SSL証明書の便利機能をご紹介(SNI、SANs、2way)

[目次]

常時SSL化のワードが飛び交う昨今、常時SSLを自分のサイトでも取り入れてみようと、既に動き出している方も多いと思います。

しかし、いざ常時SSL化をしてみようと思っても、自分のところは、複数サイト(マルチサイト)運用、あるいは複数サーバーで運用しているから常時SSLはちょっと大変・・・と二の足を踏んでいる方はいませんか?

レンタルサーバーに依っては1サーバーにつきSSL証明書は1枚しか設定できないので、1台のサーバーで複数サイトを運用している場合、常時SSL化するにはメインとするサイト以外は、新しいサーバーを用意しサイトを移行させないといけません。また、複数サーバーでサイトを運用している場合は、常時SSL化するにはサーバー台数分のSSLサーバー証明書を用意しなくてはいけないので、膨大な費用と手間がかかってきます。

しかし実は、サーバーやSSLサーバー証明書によっては、これらの問題を解決できる便利な機能があるのです。
そこで今回は、複数サイト運用や複数サーバー運用でのSSL導入で役立つ機能についてご紹介します。

1台のサーバー上で複数のSSLサイト運用が可能な「SNI」

まず「SNI」からご紹介します。
SNI (Server Name Indication)とは、1台のサーバーで複数のSSLサーバー証明書を利用できる、SSLの拡張仕様のひとつです。

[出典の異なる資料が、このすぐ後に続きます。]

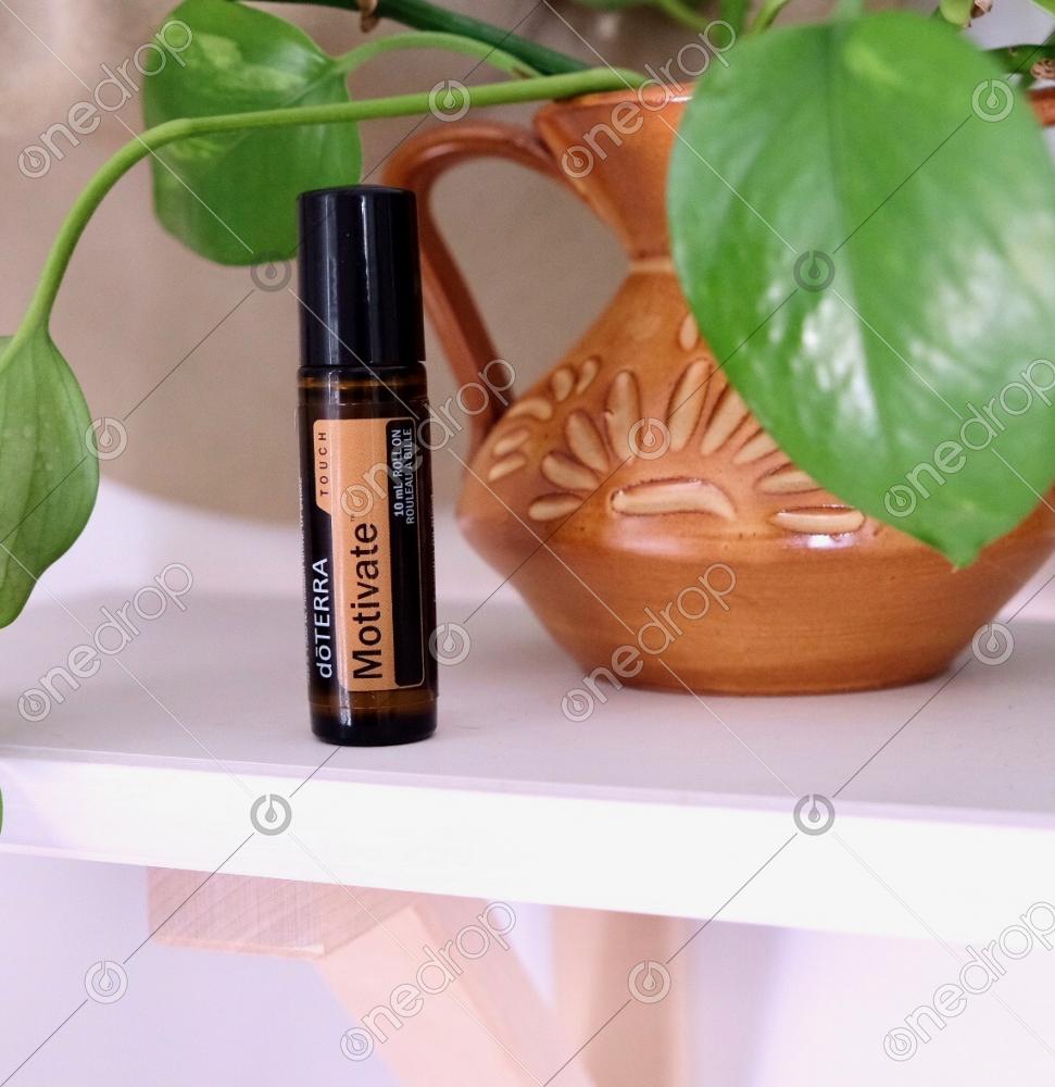 Motivate Touch Roller arranged on white shelf with plants and pottery.

従来のSSLの仕組みでは、1つのサーバーに複数のドメイン名を設定(バーチャルドメイン設定/マルチドメイン設定)できても、SSLサーバー証明書は1枚しか設定できませんでした。
そのため、複数のサイトを1台のサーバーで運用していた場合、常時SSL化するには、どれか1サイト(基本的にメインドメインのサイト)しかできないので、他のサブドメインのサイトはサーバーを新たに用意してサイト移行をする必要があります。

なぜこのようなことが起こるのか。
原因は従来のSSL通信技術とそれを受け取るサーバーの仕組みにあります。
従来のSSL通信は、はじめにサーバー(IPアドレス)に設定されたSSLサーバー証明書に対して通信経路を確立させ、その中でデータをやり取りしているため、SSLサーバー証明書は設定された1枚しか利用することが出来ないのです。

そこでSNIの登場です。
SNIに対応したサーバーなら、従来であれば1つのサーバーにつき1枚しか設定できなかったSSLサーバー証明書が、ドメイン名(URL)単位で利用できます。
また、ドメイン名毎に異なるSSLサーバー証明書を設定することもできます。

仕組みとしてはSSL通信時に通信対象となるドメイン名を通知することで、サーバー側はアクセス毎にどのSSLサーバー証明書を利用すべきかを判別します。
これによって、1台のサーバーでもドメイン名の数だけSSLサーバー証明書の利用が可能になるのです。
ですので、マルチサイトの場合はそれぞれのサブドメインのSSLサーバー証明書を取得・設定さえすれば、今までと同じように運用方法は変えず、常時SSL化でき、費用面、労力面でのコストも大幅に削減することができます。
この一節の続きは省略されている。